Midjourney Version 5.2: Zoom Out. Enhance.
Midjourney just released the latest iteration of its text-to-image model: Version 5.2. Here's a rundown on everything that's new.
This week was uncharacteristically slow when it comes to major AI releases for the average user. (But see below for the big SDXL 0.9 announcement by Stability AI).
So in lieu of the usual 10X AI round-up, I’d like to dive into the newly released Midjourney Version 5.2.
Still, here are a few links to noteworthy AI news, not to leave you all hanging:
Stability AI launches SDXL 0.9: A Leap Forward in AI Image Generation [StabilityAI]
Vimeo intros a trio of AI-powered editing features [TechCrunch]
ElevenLabs’ New Generative Voice AI and $19m Series A Round [ElevenLabs Blog]
Now let’s dive into the nifty new features in Midjourney 5.2.
Midjourney V5.2. follows just one and a half months after the latest Midjourney V5.1.
Here are the V5.2 release notes from the Midjourney team:
How do all of these look in practice? There’s only one way to find out!
(The “Zoom Out” outpainting feature is by far the most impactful new tool from Midjourney in a long time. I’ll save it for last.)
1. Improved aesthetics and sharper images?
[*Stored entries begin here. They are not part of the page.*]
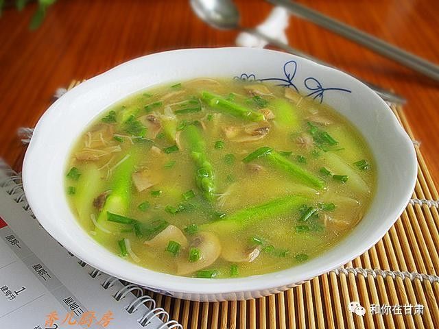 【食材】芦笋 6根 / 小平菇 几朵 /干贝 一小把 /胡萝卜两片 / 白果 几颗/ 食盐 少许/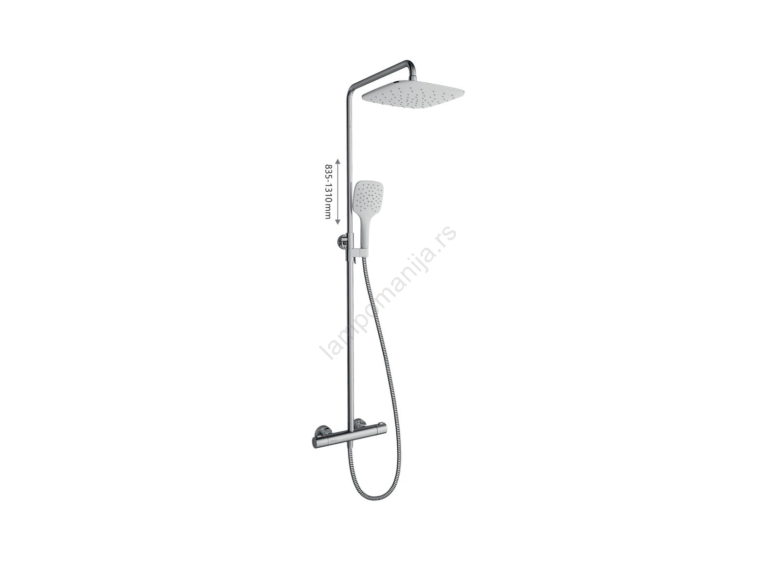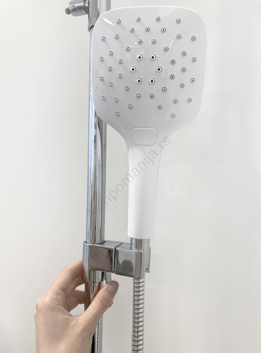 • Tuš kolona Termo je pomični set sa termostatskom baterijom u sjajnom hrom završetku i belom gornjom tuš glavom.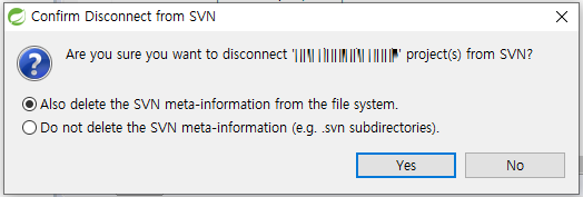 2. SVN revision 정보 삭제여부 선택 후 Yes.
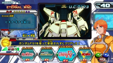 ▲ミッションでは各作品の物語を追体験できる。画像は『機動戦士ガンダムF91』をテーマにした「ETERNAL WIND」。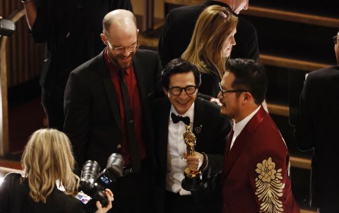 El elenco y el equipo celebran después de ganar el óscar a la mejor película por 'Everything Everywhere All at Once'.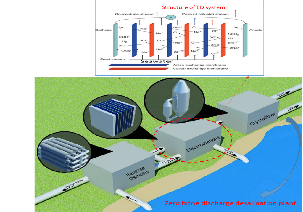 Hình 4. Nhà máy khử mặn thành nước ngọt sử dụng công nghệ kết hợp RO-ED- crystallizer không xả nước muối với các hệ thống phụ RO, ED và thiết bị kết tinh (Hiệu chỉnh từ [11])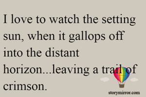 I love to watch the setting sun, when it gallops off into the distant horizon...leaving a trail of crimson.
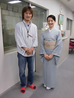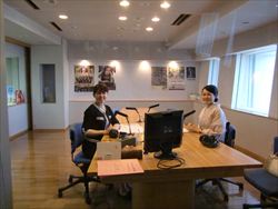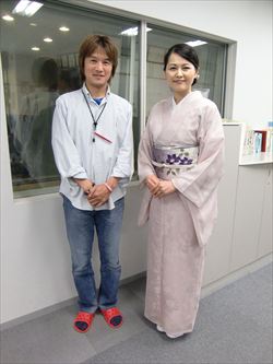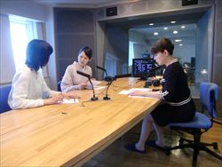 FM岡山 『Fresh Morning OKAYAMA』の番組内にて森田恵子さんと学院長の対談コーナー「きものを楽しむ生活」の出演時の様子です。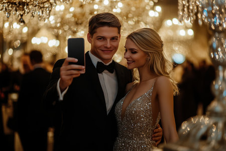A couple dressed in formal attire captures a selfie at a luxurious event filled with dazzling lights.
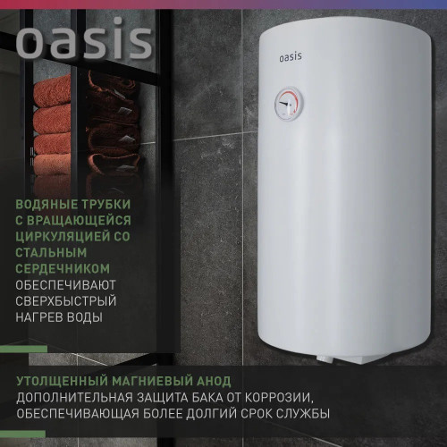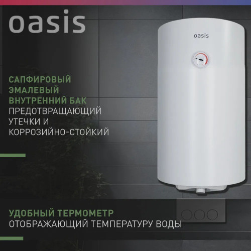 Водонагреватель накопит. Oasis SV-50 (сухой ТЭН, 50л, 1,6кВт, КПД 90%, верт., эмаль, УЗО, 20мм)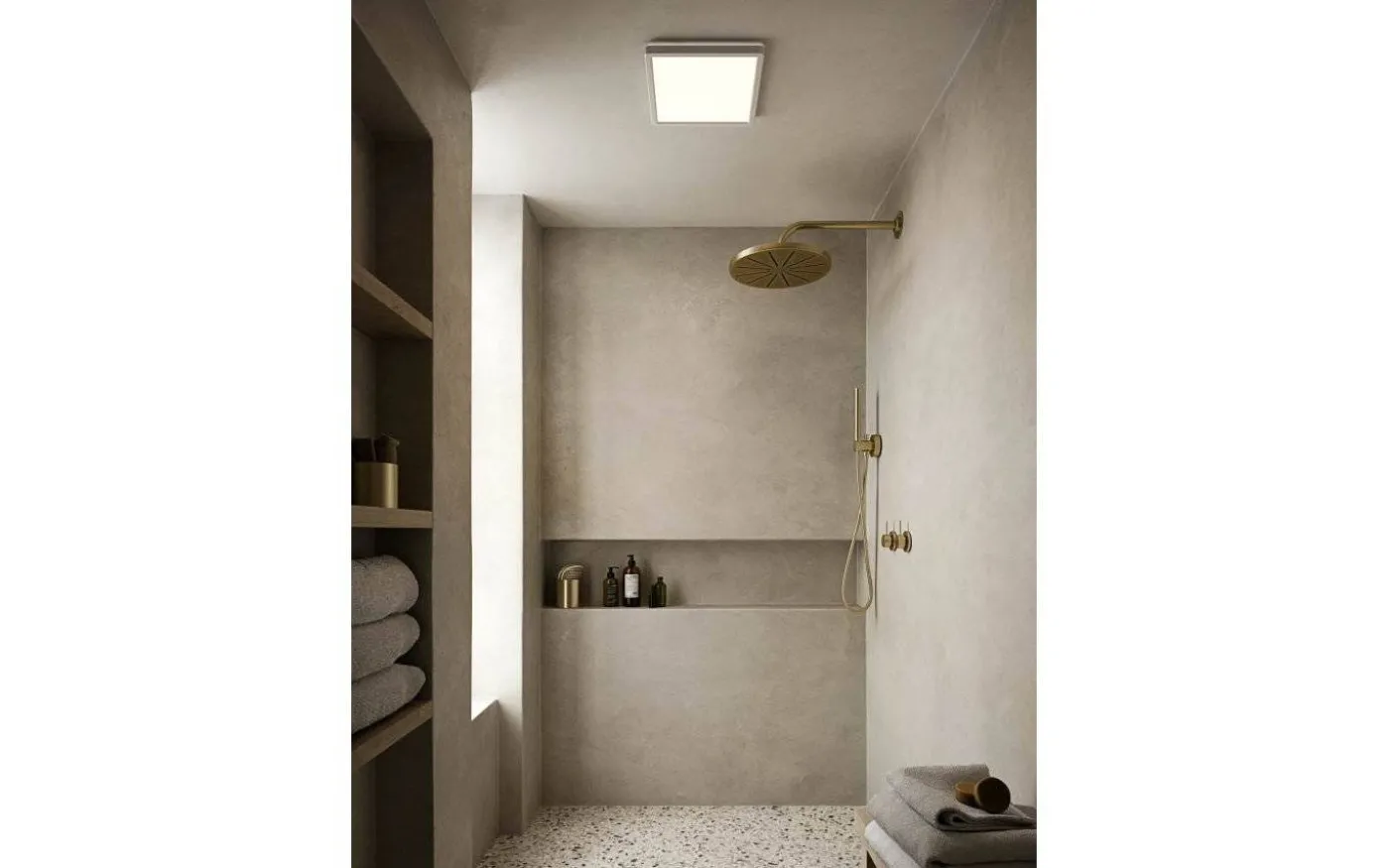 Oja Square plafond från danska Nordlux. Plafonden har inbyggd 3-stegs dim vilket innebär att du enkelt kan justera färgtemperaturen från kallt till varmt ljus med din väggströmbrytare.

The jump in image coherence and realism from Midjourney V4 to Midjourney V5 was so profound that it’s honestly quite hard to spot further improvements in incremental releases like Version 5.1.
Here’s a Midjourney V 5.1 four-image grid for “professional close-up photo of a woman on a busy street”:
And here is the same prompt in the new Midjourney Version 5.2:
To my untrained eye, there’s virtually no difference in overall quality or sharpness. If anything, I feel V5.1 more faithfully reflects the “close-up” modifier of the prompt.
Perhaps Version 5.2. is especially great for certain types of styles? If you’ve come across prompts where V5.2. truly shines compared to previous versions, let me know!
2. Coherence and text understanding
Once again, this one’s tricky to prove conclusively.
My usual test is to check whether Midjourney gets better at understanding prompts involving multiple subjects with different descriptors.
Something like: “two red balls and one blue cube on a green table”
As this 4-image grid shows, we’re not quite there yet:
Do you have better examples of improved coherence or text understanding in Midjourney V5.2? If so, please feel free to share!
3. Stronger “--stylize”
The “--stylize” parameter in Midjourney controls how wild or “artistic” the bot gets.
The lowest setting (“--stylize 0”) creates an image that stays true to the prompt but might be somewhat bland.
Cranking “--stylize” to the highest setting (1000) adds all sorts of details, colors, and embellishments to your subject but might ignore some of your prompt details.
The “--stylize” parameter in the new V5.2 is supposed to have a more profound effect than in the previous versions.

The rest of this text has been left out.